# Metal Guitar Tone with Free VST's - Tutorial



## Kenmac (Jan 24, 2007)

I wouldn't say I'm a big fan of metal guitar but I was watching this video on YouTube last night and this person seems to be quite knowledgeable about recording metal oriented guitar tones and the fact that he does this using free VSTs and free impulse responses is even more impressive.






He mentions his Google drive website where you can download the VSTs and responses in the video. I've added the link here: PSS VST - Google Drive Along with the VSTs there are over 200 megs of free impulse responses on his site which can be used for any kind of music. There are even some reverb impulses and don't worry if you don't know how to use impulses because he shows you how to do it in the video. Enjoy.


----------



## puzzlevortex (Mar 29, 2017)

will check that out. i love using virtual synths and i need some new ones. I just use xpand2 right now, which is free with pro tools


----------



## Budda (May 29, 2007)

Ehhhh.

This is just how to make the djent guitar tone (started by meshuggah, marketed by periphery).

IMO that is not a good metal tone, and the less people gunning for it the happier I'll be. I'm curious to see what the next trend in metal will be - this one's been around since 2009 or so.


----------



## Guest (Mar 30, 2017)

I can live without this insider knowledge of heavy metal guitar sounds.

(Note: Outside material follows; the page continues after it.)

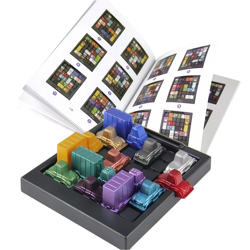 Das Ziel des Spiels ist es, gemäß den Anweisungen im Handbuch die Autos auf der Spieloberfläche zu bewegen, um die logische Aufgabe zu lösen. Kinder üben räumliches Wahrnehmen und logisches Denken auf unterhaltsame Weise. Dank der übersichtlichen Gestaltung ist das Spiel für verschiedene Altersgruppen geeignet und fördert individuelles sowie gemeinschaftliches Spielen.

There may be good info on how to use amps sims and ir's. Thanks OP.


----------



## Kenmac (Jan 24, 2007)

Budda said:


> Ehhhh.
> 
> This is just how to make the djent guitar tone (started by meshuggah, marketed by periphery).
> 
> IMO that is not a good metal tone, and the less people gunning for it the happier I'll be. I'm curious to see what the next trend in metal will be - this one's been around since 2009 or so.


Well, to be honest with you I wasn't particularly impressed with the tone either but he did seem pretty knowledgeable about recording and EQ, plus the free VSTs and impulse responses were a nice touch.


----------



## Budda (May 29, 2007)

Not having watched the video - does the knowledge translate to getting a tone that isn't this one?


----------



## Kenmac (Jan 24, 2007)

Budda said:


> Not having watched the video - does the knowledge translate to getting a tone that isn't this one?


I'd say so. He seems to know a lot about EQ and recording. Check out the video when you have some free time.


----------